■ Work request ■
When you retype the records that follow, keep each word as it is and drop any pictures.
Start of Available data
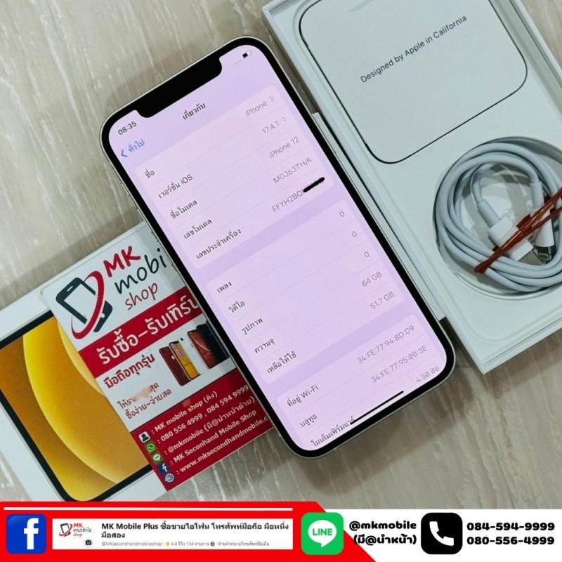 >>> Iphone 12 64 GB สีขาว ศูนย์ไทย สภาพงาม เบต้าแบต 85% อุปกรณ์ครบกล่อง เพียง 13990
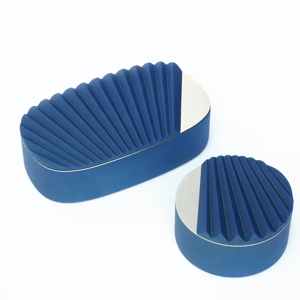 Featuring a lid inspired by the pleating of oriental fans, the box is part of a project including hand mirrors and larger jewelry boxes. Handcrafted in cherry wood in Italy's Veneto region, the box comes with a small mirror and is complete with special magnets to conceal your best pieces. The box measures 10 centimeters in diameter.
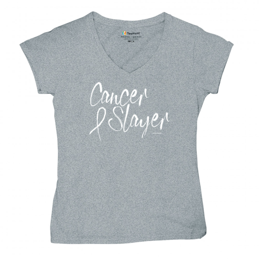 CANCER SLAYER women's v-neck t-shirt breast cancer awareness ribbon hope tee gray
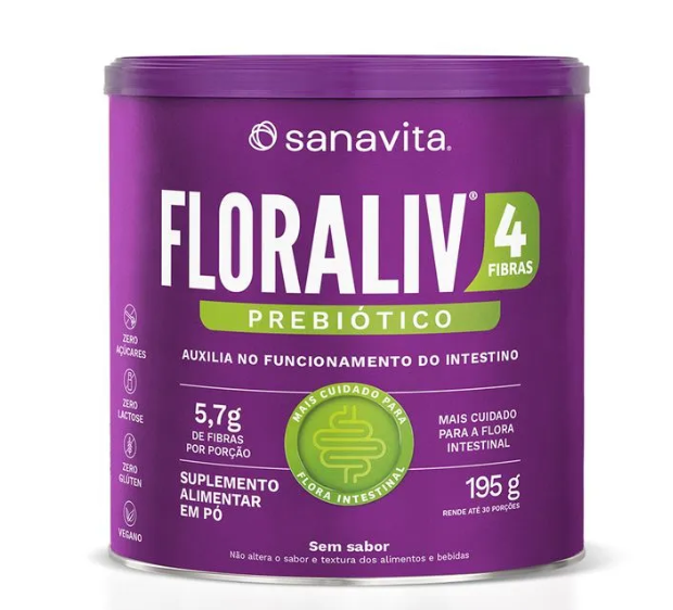Floraliv® 4 Fibras é um suplemento prebiótico com uma combinação de quatro fibras vegetais 100% solúveis, que auxiliam no equilíbrio da microbiota intestinal, promovendo vários benefícios ao funcionamento do intestino e à saúde. Uma porção contém 5,7g de fibras, entre elas a inulina, goma acácia, frutooligossacarídeos (FOS) e polidextrose.
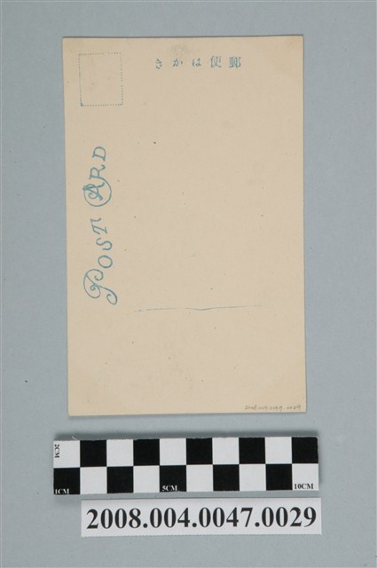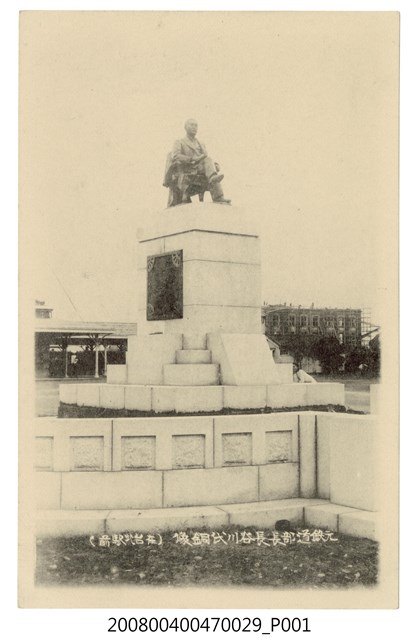1.本文物為以臺北站前原鐵道部長長谷川氏銅像為主題之明信片,正面為長谷川氏銅像黑白照片,畫面中可見銅像坐落於白色平台上,為坐姿,翹起1腿,下方有1段文字「元铁道部長長谷川氏銅像(在臺北駅前)」;背面為空白明信片直式書寫面,以藍色單色印刷,左上有郵票黏貼處,上方有「郵便はかき」字樣,左側有「POST CARD」字樣。2.長谷川謹介為日本山口縣人,西元1899年來臺,擔任臨時鐵道敷部技師長,1900年臺灣鐵道部成立,擔任鐵道部技師長,1906年任鐵道部長,於任內完成縱貫鐵路通車,1911年於臺北車站內設立其銅像,但銅像最後於戰爭中遺失。
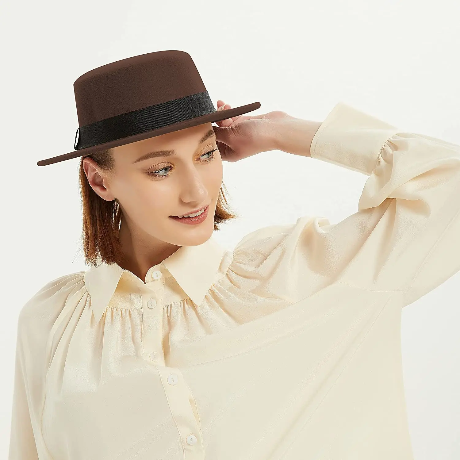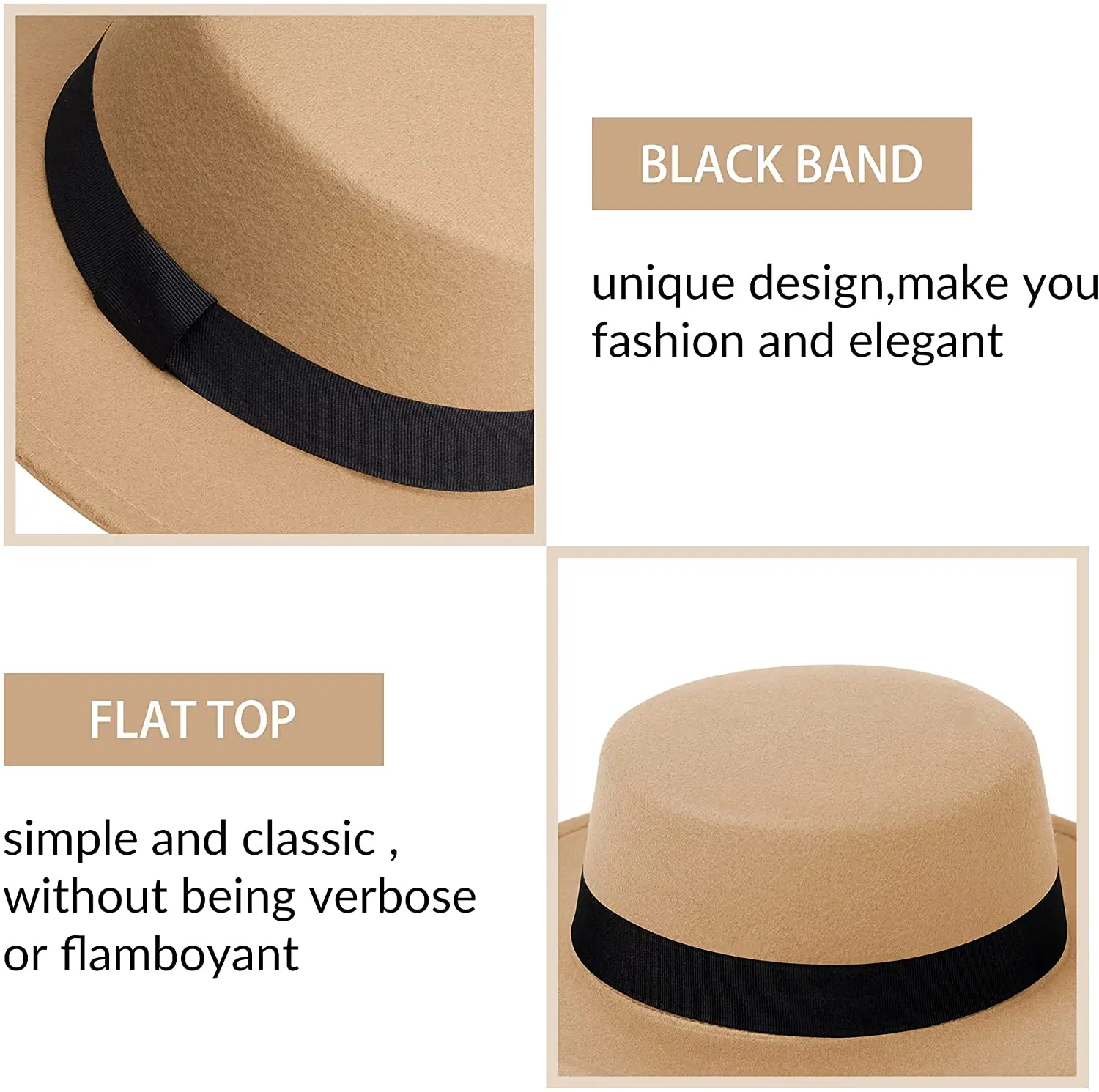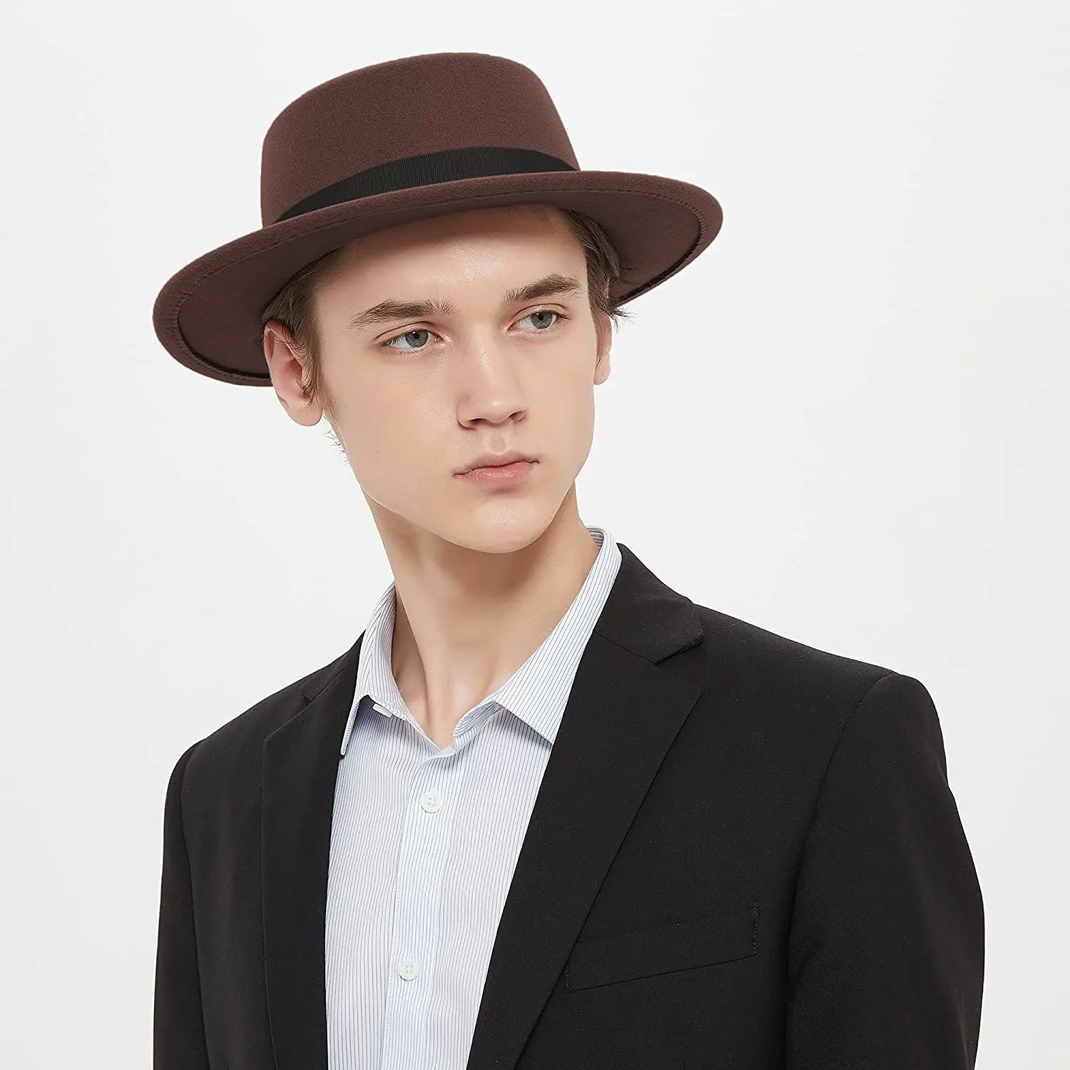 Fashion Fedora Hat Flat Top Hat Felt Pork Pie Hat Wide Brim Church Derby Boater Cap for Women and Men
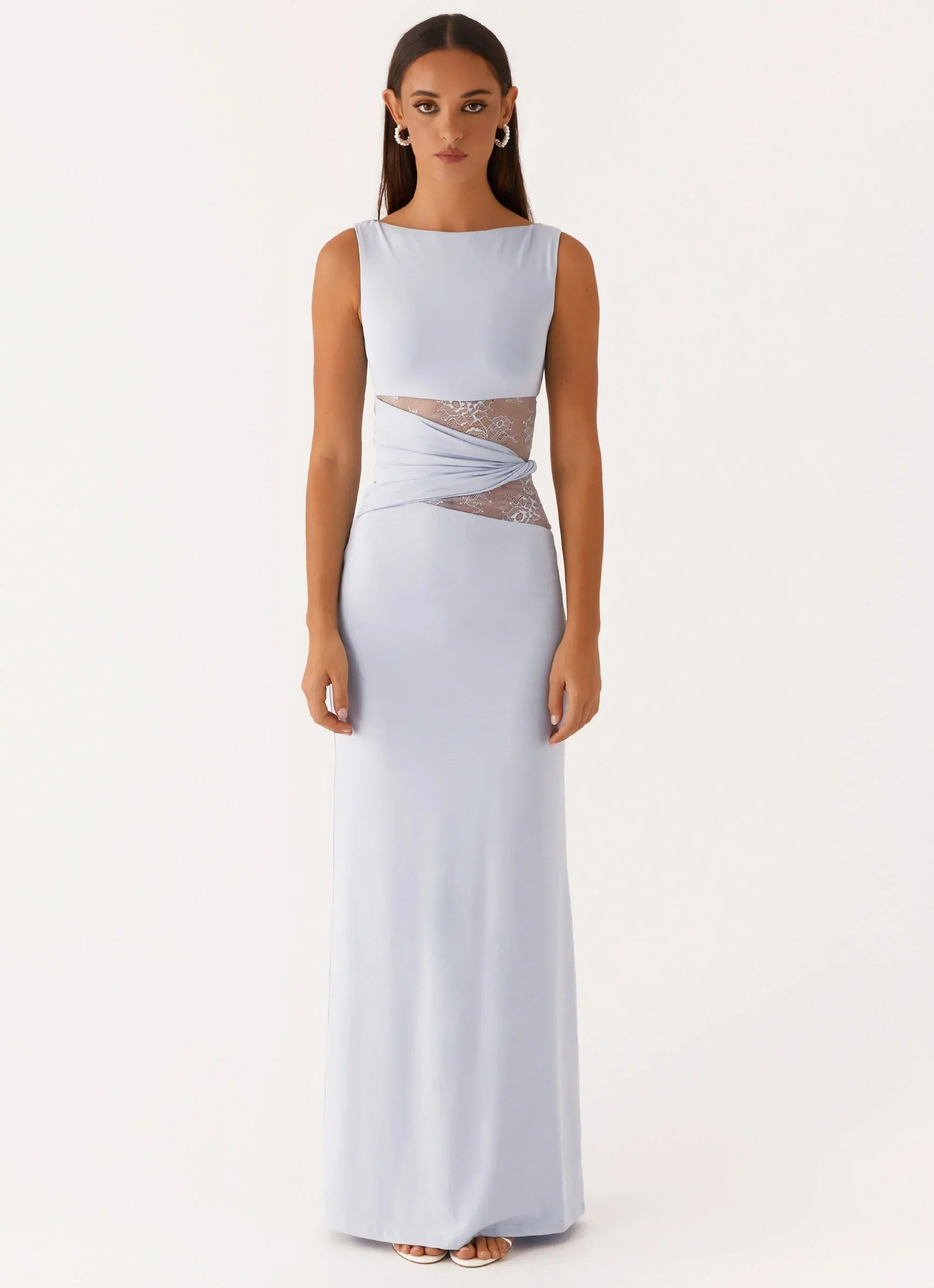 The Karma Maxi Dress features a rounded neckline and twist side detailing, adding a flattering touch to its sleek silhouette. Made from stretch jersey fabric, it offers both comfort and style, while the self-lined construction ensures a smooth fit. Perfect for any occasion where you want to look effortlessly chic.
End of Available data
■ Written response ■
 >>> Iphone 12 64 GB สีขาว ศูนย์ไทย สภาพงาม เบต้าแบต 85% อุปกรณ์ครบกล่อง เพียง 13990
 Featuring a lid inspired by the pleating of oriental fans, the box is part of a project including hand mirrors and larger jewelry boxes. Handcrafted in cherry wood in Italy's Veneto region, the box comes with a small mirror and is complete with special magnets to conceal your best pieces. The box measures 10 centimeters in diameter.
 CANCER SLAYER women's v-neck t-shirt breast cancer awareness ribbon hope tee gray
Floraliv® 4 Fibras é um suplemento prebiótico com uma combinação de quatro fibras vegetais 100% solúveis, que auxiliam no equilíbrio da microbiota intestinal, promovendo vários benefícios ao funcionamento do intestino e à saúde. Uma porção contém 5,7g de fibras, entre elas a inulina, goma acácia, frutooligossacarídeos (FOS) e polidextrose.
1.本文物為以臺北站前原鐵道部長長谷川氏銅像為主題之明信片,正面為長谷川氏銅像黑白照片,畫面中可見銅像坐落於白色平台上,為坐姿,翹起1腿,下方有1段文字「元铁道部長長谷川氏銅像(在臺北駅前)」;背面為空白明信片直式書寫面,以藍色單色印刷,左上有郵票黏貼處,上方有「郵便はかき」字樣,左側有「POST CARD」字樣。2.長谷川謹介為日本山口縣人,西元1899年來臺,擔任臨時鐵道敷部技師長,1900年臺灣鐵道部成立,擔任鐵道部技師長,1906年任鐵道部長,於任內完成縱貫鐵路通車,1911年於臺北車站內設立其銅像,但銅像最後於戰爭中遺失。
 Fashion Fedora Hat Flat Top Hat Felt Pork Pie Hat Wide Brim Church Derby Boater Cap for Women and Men
 The Karma Maxi Dress features a rounded neckline and twist side detailing, adding a flattering touch to its sleek silhouette. Made from stretch jersey fabric, it offers both comfort and style, while the self-lined construction ensures a smooth fit. Perfect for any occasion where you want to look effortlessly chic.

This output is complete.